Needless to say, that’s bullshit. But in rejecting that premise earlier in my life, I did something of an overcorrection. If Big Oil wanted me to blame myself instead of the fossil fuel industry, and our neoliberal order wanted me to focus on my role as a consumer rather than as a citizen, then the right response, I decided, was not to worry about lifestyle choices at all.I now think that was a mistake. There’s no reason that individual lifestyle choices and collective action need to be mutually exclusive, or even slightly conflicting. Indeed, in my own life I’ve realized that seeing friends, neighbors, and strangers make sustainable life choices often helps me find some of the hope I need to keep engaging in climate fights.

Watching solar panels spring up on a roof I pass every day, or waving hello to a fellow bike commuter, can be a lovely—and sometimes necessary—day-to-day reminder that there are people in every part of my community who care about this crisis (and who could be recruited to engage more actively in the climate movement, if they haven’t yet taken that step). The possibility that my own solar installation or bike use or vegan dish at a friend’s potluck could lend this same boost to others is, I think, worth real consideration.

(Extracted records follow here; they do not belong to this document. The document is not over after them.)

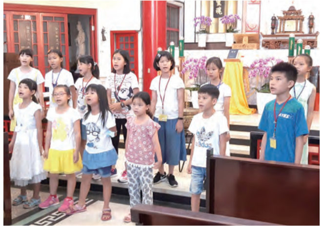
▲要理班結業彌撒中孩子們天真純潔的聖歌表演
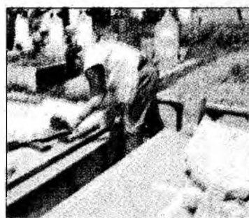
Crucile au fost doborâte

care a demarat o anchetă pentru prinderea și identificarea celor care au distrus crucile de pe cele șase morminte. Se presupune că ar fi vorba de persoane care, în stare de ebrietate fiind, au reușit să intre fără să fie auzite de paznici și să spargă crucile situate nu departe de alea principală a cimitirului. „În cauză s-a întocmit dosar penal, iar echipa operativă continuă cercetările pentru identificarea autorilor”, a declarat purtătorul de cuvânt al Inspec-
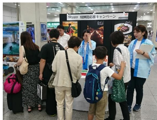
《イベント実施風景》
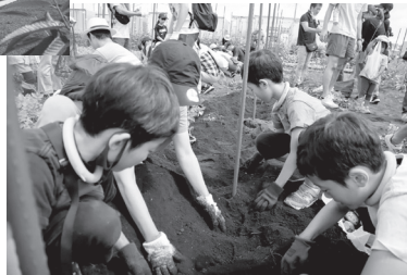
高松みらいのはたけ

On the day I fly to a conference in Norway, it’s something to think about. But I have trouble going down the vegan/biking/never traveling road for a couple of reasons. First, it’s hard to see it mattering one iota in the end. Second, the Green New Deal needs to be predicated on gigantic government action. Right before the pandemic, I was at a GND conference at Harvard. I was speaking late in the day, so I got to hear all sorts of things first. And I got frustrated. So much of it was about forming community gardens and working with corporations on small projects and the like. And when I finally spoke, I chucked most of my talk and said, look people, none of this is going to change the world. The point of the New Deal was gigantic government planning. Were there problems with that giant government planning? Of course. But we can acknowledge that and move on with better knowledge and attempts to engage in the sorts of actions that really will make a difference. If the Manchin/Schumer deal means anything, it’s that we can get something like change through the political system and hopefully we can build on this for more wide-ranging climate legislation.

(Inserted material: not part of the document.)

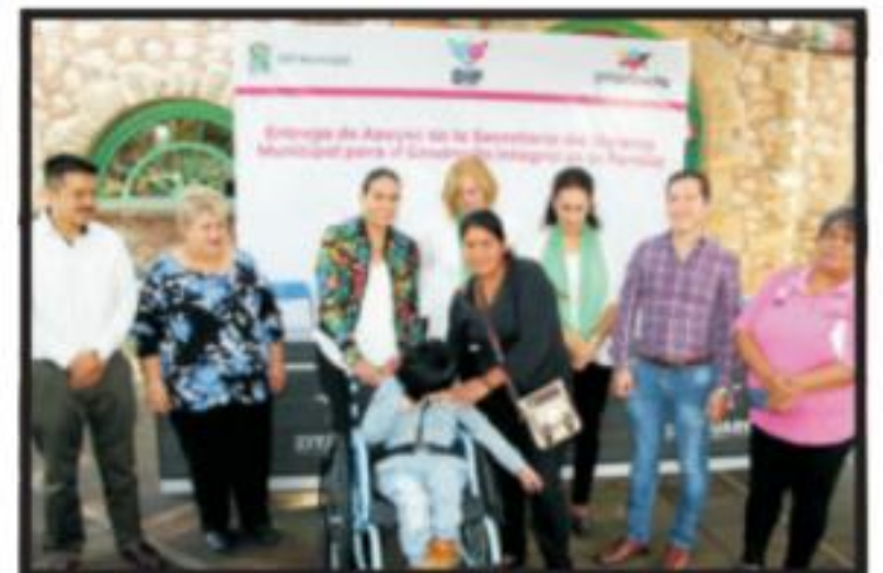
Página 2 Sección A

EL CLARIN Diario de la Región Oriente de Michoacán

One other thing–over the years I’ve taught environmental history, which somehow is about 15 now. I’ve noticed a fleeing toward students being more interested in these little individual issues such as their food or very small community projects, instead of wilderness or larger political changes. This I fully believe to be related to the hopelessness of change in the modern world. The bigger issues just seem so intractable. So controlling what goes in your body or the choices you make on the road is one way to live with that. And I understand that. It’s possible Regunberg is correct and I am wrong. The reality is more likely in between. After all, he knows very well the limitations of his own actions. It is a conundrum without easy answers, or at least easy answers that can be actively applied to something, as are so many of our current political issues.